◆ **Recorded information**:
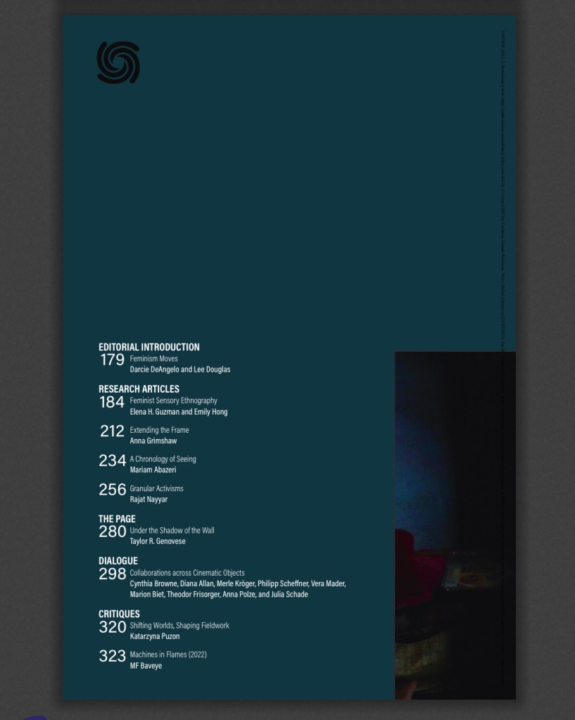 Thank you to the editors for including Rajat’s research article “Granular Activisms: Women’s Vocality and Multimodality in Rural North India” alongside excellent scholarship that pushes the boundaries of Visual Anthropology!
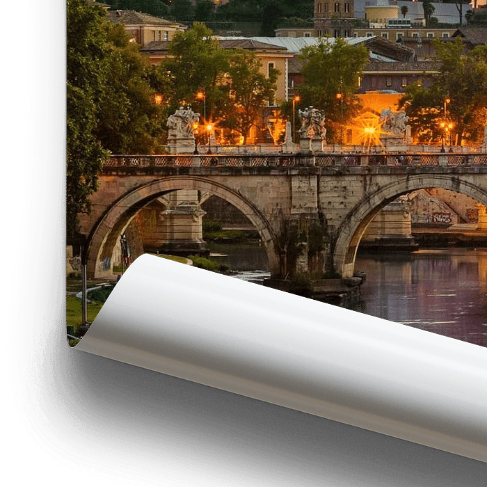 Rome, vue sur le Vatican et le pont des anges au coucher du soleil
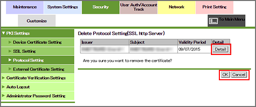 Click [Detail] to view the details of the certificate. The device certificate list is displayed. Click [Back] to return to the [Protocol Setting] screen.

◆ **The problem**: Print the stretch of the data from the line with "Rome, vue sur" through its last line, exactly and with both ends kept. Omit pictures.

◆ **Solution for this problem**:
 Rome, vue sur le Vatican et le pont des anges au coucher du soleil
 Click [Detail] to view the details of the certificate. The device certificate list is displayed. Click [Back] to return to the [Protocol Setting] screen.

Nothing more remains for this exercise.